▶ EXERCISE REQUIREMENTS:
Although the records contain pictures, none belong in the copy: restate word for word only the lines from the one with "A cellphone screen" through the one with "Sanofi Aventis CD-ROM", both included.

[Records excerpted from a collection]
=== Begin Enclosure ===

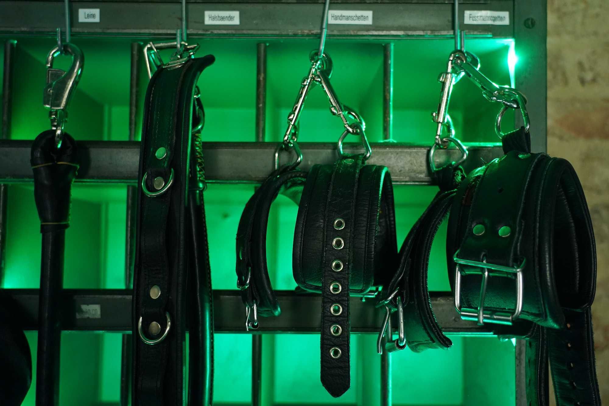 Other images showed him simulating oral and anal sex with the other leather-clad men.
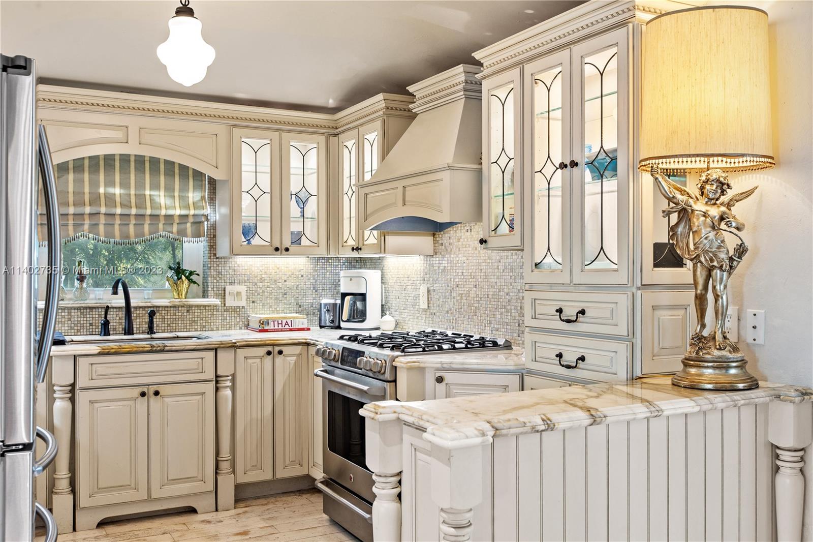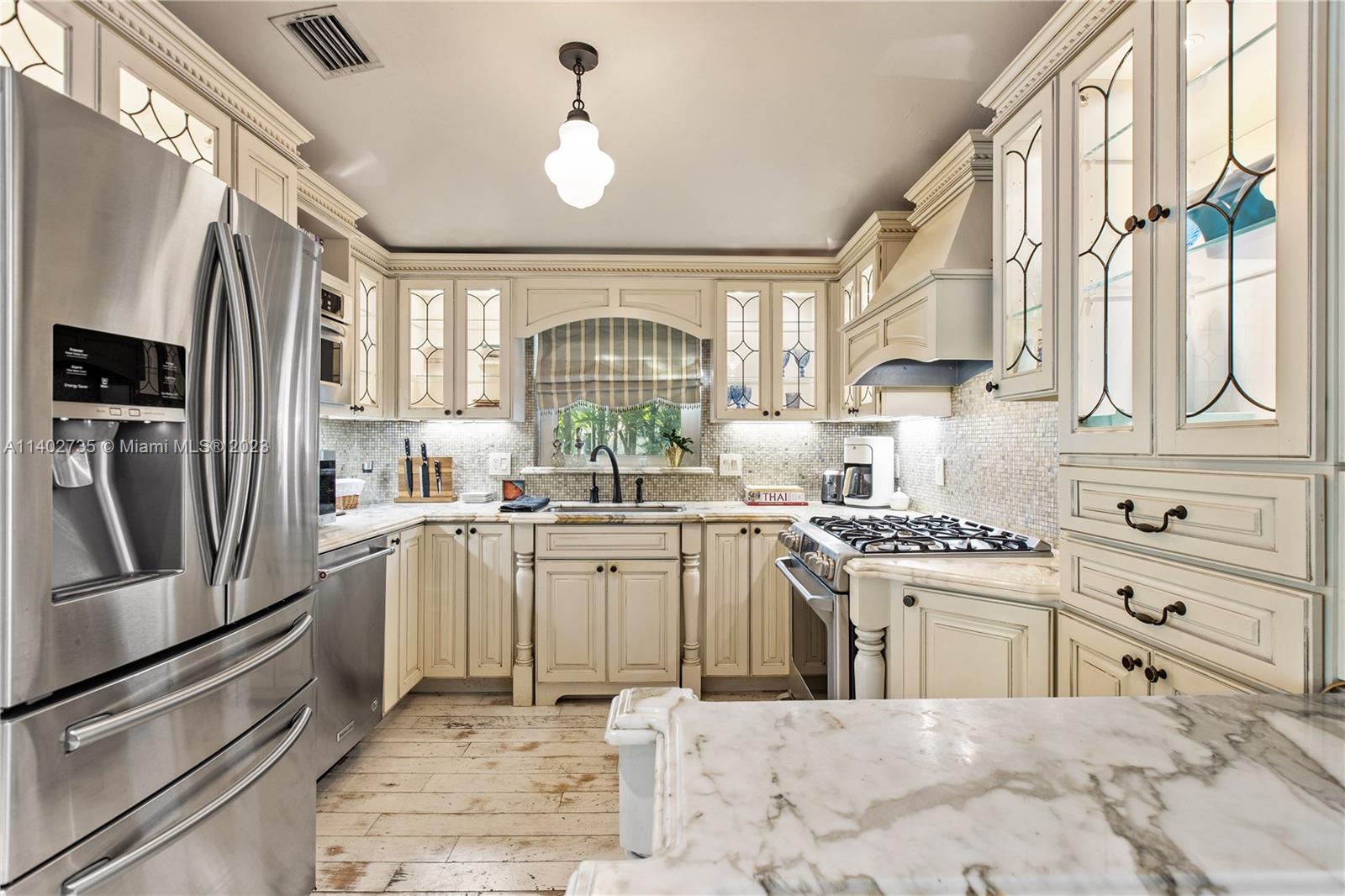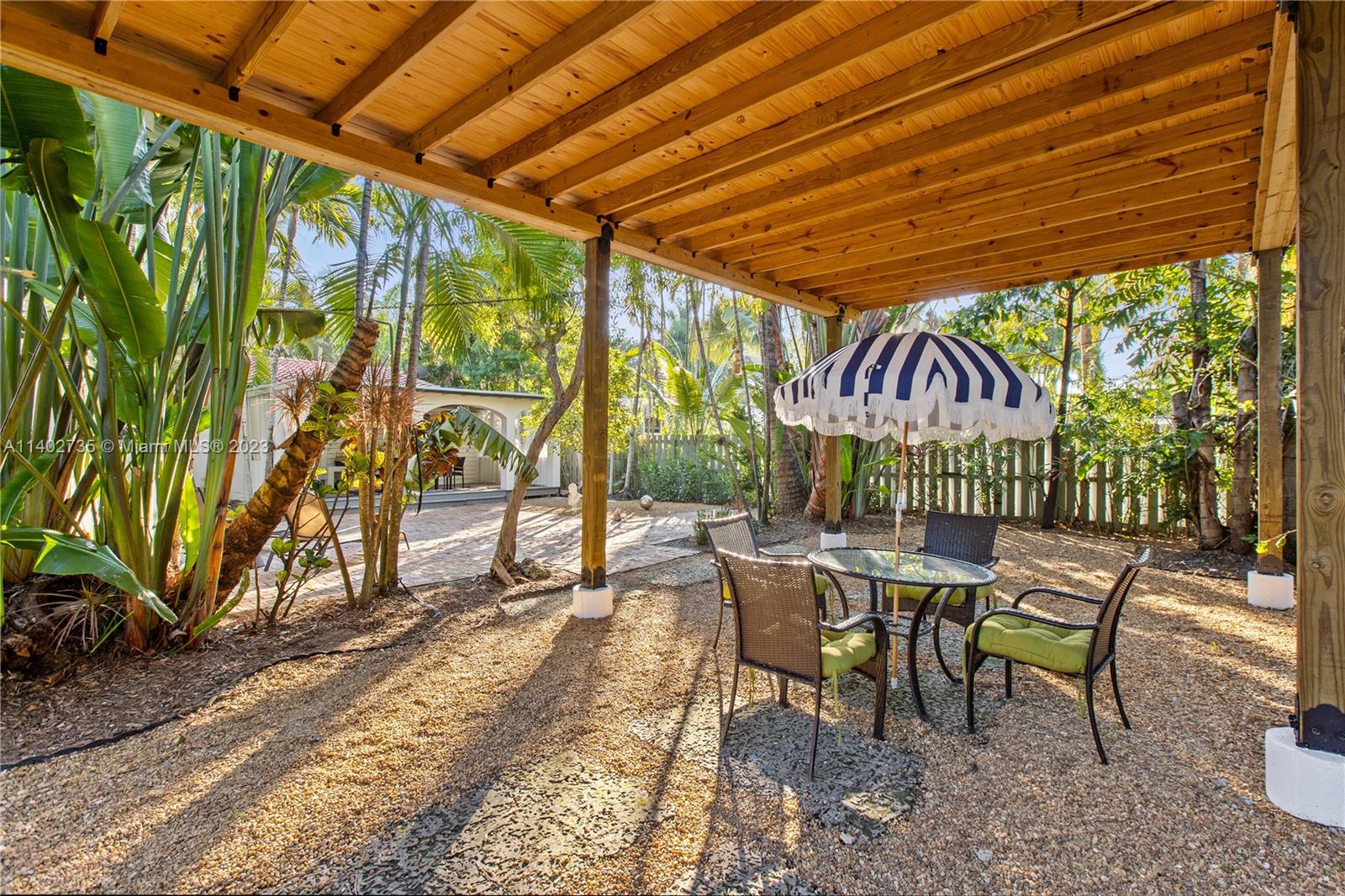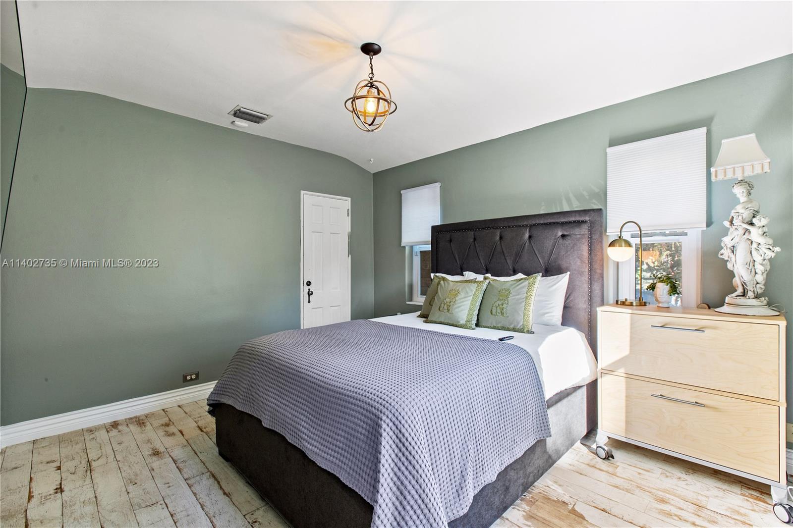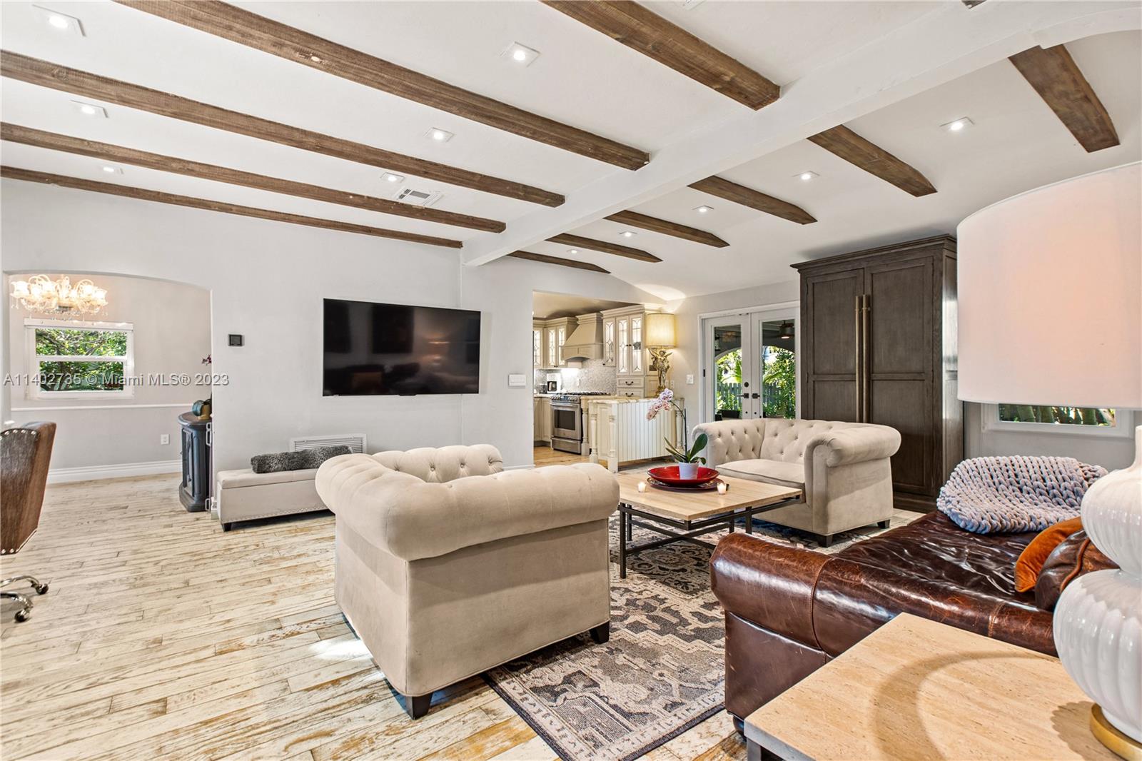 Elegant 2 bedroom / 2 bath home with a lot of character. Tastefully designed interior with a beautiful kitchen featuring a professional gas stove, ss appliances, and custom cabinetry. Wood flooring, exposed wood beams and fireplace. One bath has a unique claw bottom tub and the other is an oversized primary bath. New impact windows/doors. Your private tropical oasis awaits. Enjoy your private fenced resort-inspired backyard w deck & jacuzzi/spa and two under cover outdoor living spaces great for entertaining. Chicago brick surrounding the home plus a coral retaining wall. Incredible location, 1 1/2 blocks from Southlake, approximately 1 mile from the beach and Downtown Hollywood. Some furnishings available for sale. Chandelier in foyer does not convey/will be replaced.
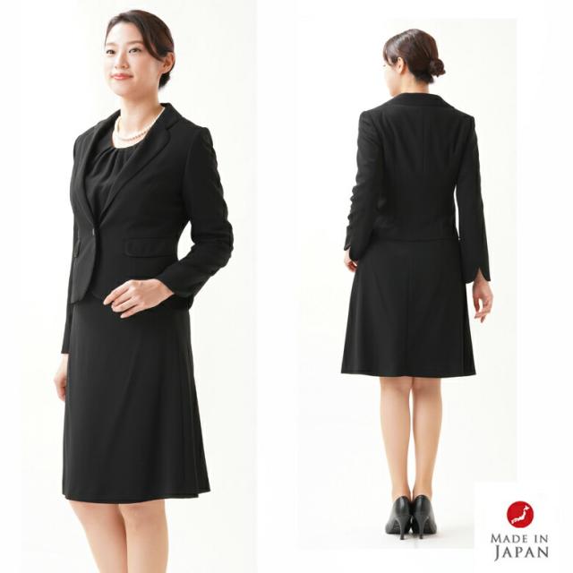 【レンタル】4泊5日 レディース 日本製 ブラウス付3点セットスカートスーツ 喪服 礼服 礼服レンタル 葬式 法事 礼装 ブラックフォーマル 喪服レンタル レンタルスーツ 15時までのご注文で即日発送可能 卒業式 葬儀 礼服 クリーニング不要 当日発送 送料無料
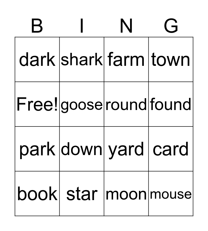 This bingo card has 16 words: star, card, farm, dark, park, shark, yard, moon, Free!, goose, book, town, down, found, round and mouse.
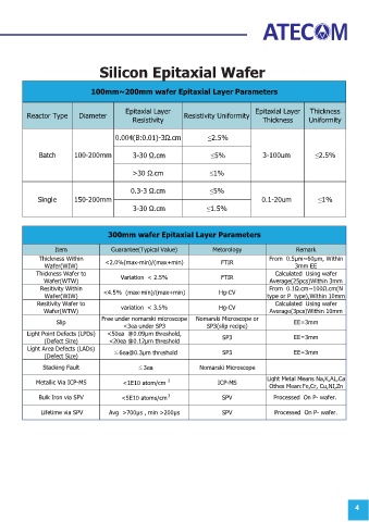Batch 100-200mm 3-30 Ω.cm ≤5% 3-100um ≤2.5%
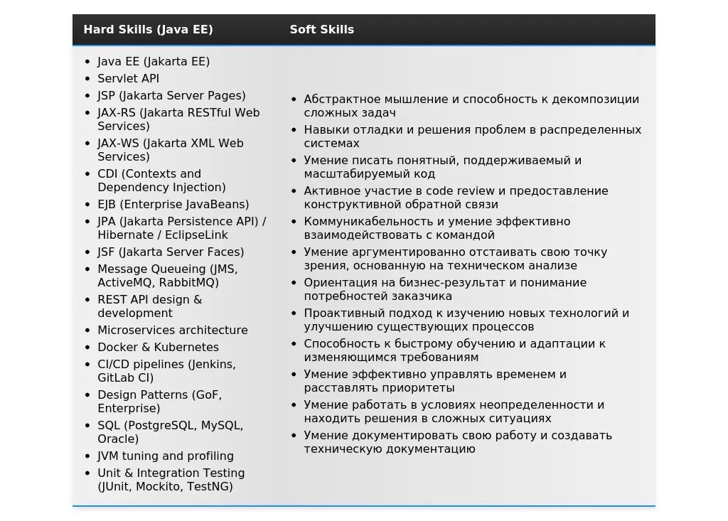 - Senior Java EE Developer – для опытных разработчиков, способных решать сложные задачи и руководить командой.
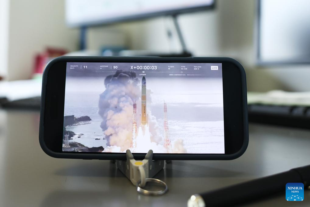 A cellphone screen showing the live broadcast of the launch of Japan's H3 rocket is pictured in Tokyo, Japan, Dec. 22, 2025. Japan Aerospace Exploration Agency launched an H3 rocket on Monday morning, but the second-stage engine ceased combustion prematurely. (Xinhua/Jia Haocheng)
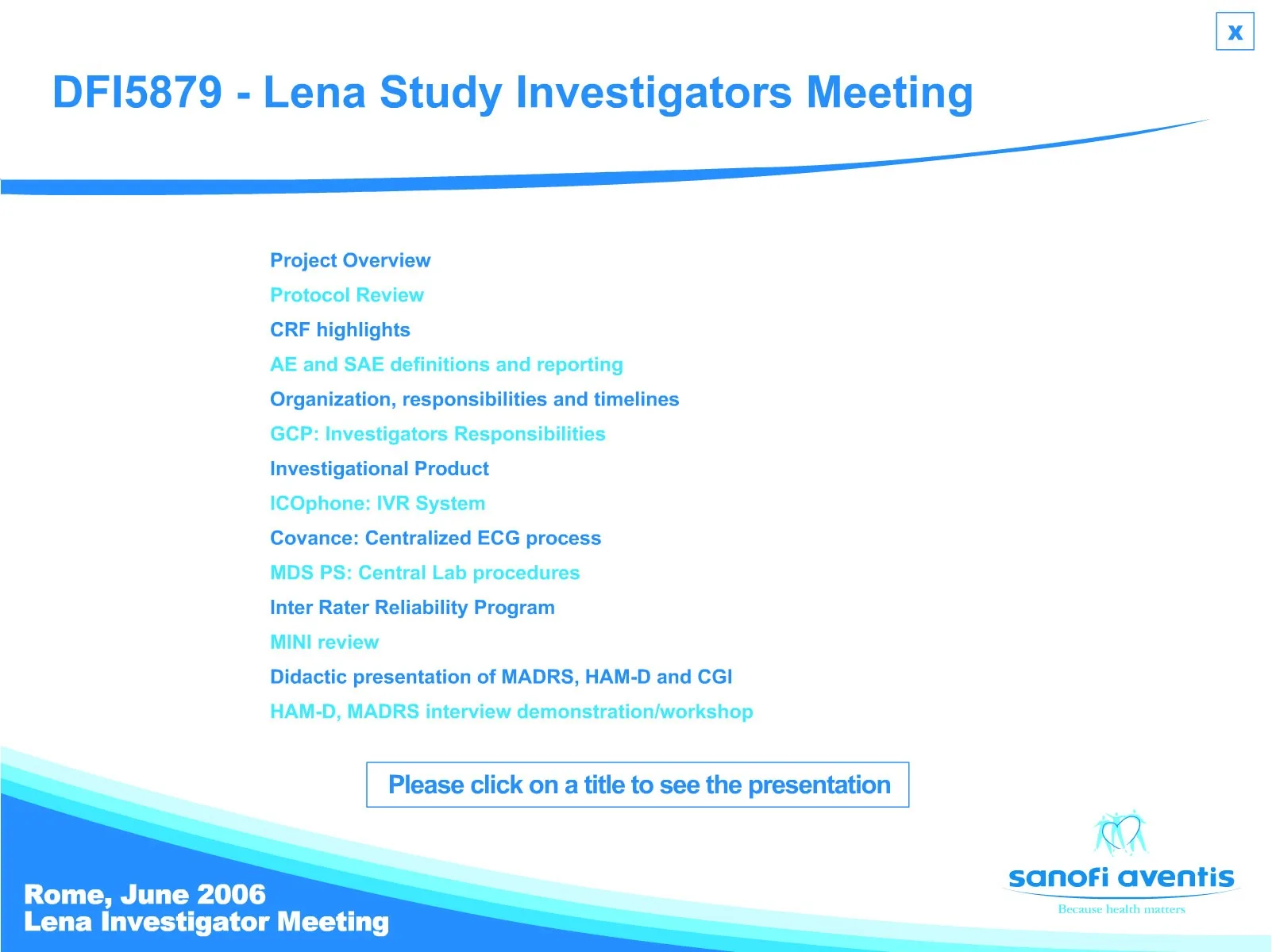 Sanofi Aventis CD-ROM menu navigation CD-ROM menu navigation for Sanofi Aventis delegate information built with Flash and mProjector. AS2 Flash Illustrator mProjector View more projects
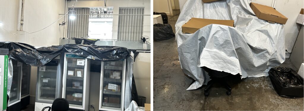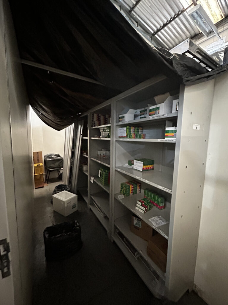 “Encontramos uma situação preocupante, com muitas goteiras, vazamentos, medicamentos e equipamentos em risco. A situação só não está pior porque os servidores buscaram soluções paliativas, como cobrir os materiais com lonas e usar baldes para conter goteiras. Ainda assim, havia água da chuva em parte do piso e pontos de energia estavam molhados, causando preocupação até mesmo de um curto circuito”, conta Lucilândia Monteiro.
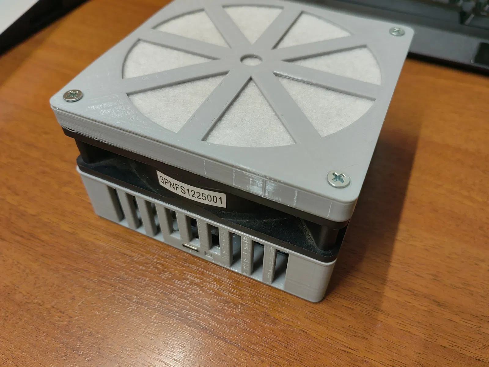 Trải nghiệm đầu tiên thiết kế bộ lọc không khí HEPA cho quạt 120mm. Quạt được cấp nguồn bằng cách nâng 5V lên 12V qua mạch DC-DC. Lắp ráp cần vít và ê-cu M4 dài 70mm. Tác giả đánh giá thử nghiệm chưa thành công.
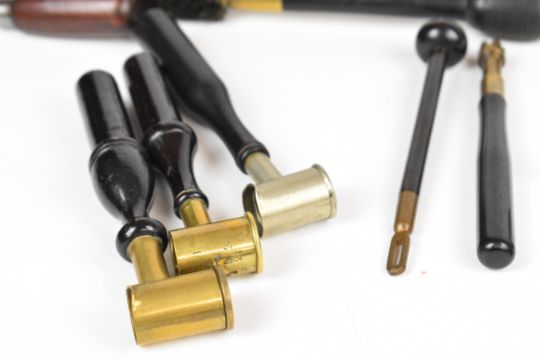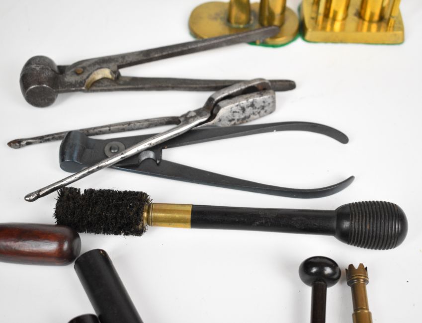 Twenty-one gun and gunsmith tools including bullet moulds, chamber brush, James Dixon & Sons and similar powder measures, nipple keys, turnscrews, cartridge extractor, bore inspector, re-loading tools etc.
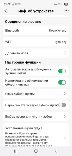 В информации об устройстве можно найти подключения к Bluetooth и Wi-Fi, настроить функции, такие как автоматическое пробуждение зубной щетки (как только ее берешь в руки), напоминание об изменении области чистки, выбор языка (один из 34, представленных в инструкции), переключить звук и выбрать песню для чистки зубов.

=== End Enclosure ===

▶ EXPECTED ANSWER:
 A cellphone screen showing the live broadcast of the launch of Japan's H3 rocket is pictured in Tokyo, Japan, Dec. 22, 2025. Japan Aerospace Exploration Agency launched an H3 rocket on Monday morning, but the second-stage engine ceased combustion prematurely. (Xinhua/Jia Haocheng)
 Sanofi Aventis CD-ROM menu navigation CD-ROM menu navigation for Sanofi Aventis delegate information built with Flash and mProjector. AS2 Flash Illustrator mProjector View more projects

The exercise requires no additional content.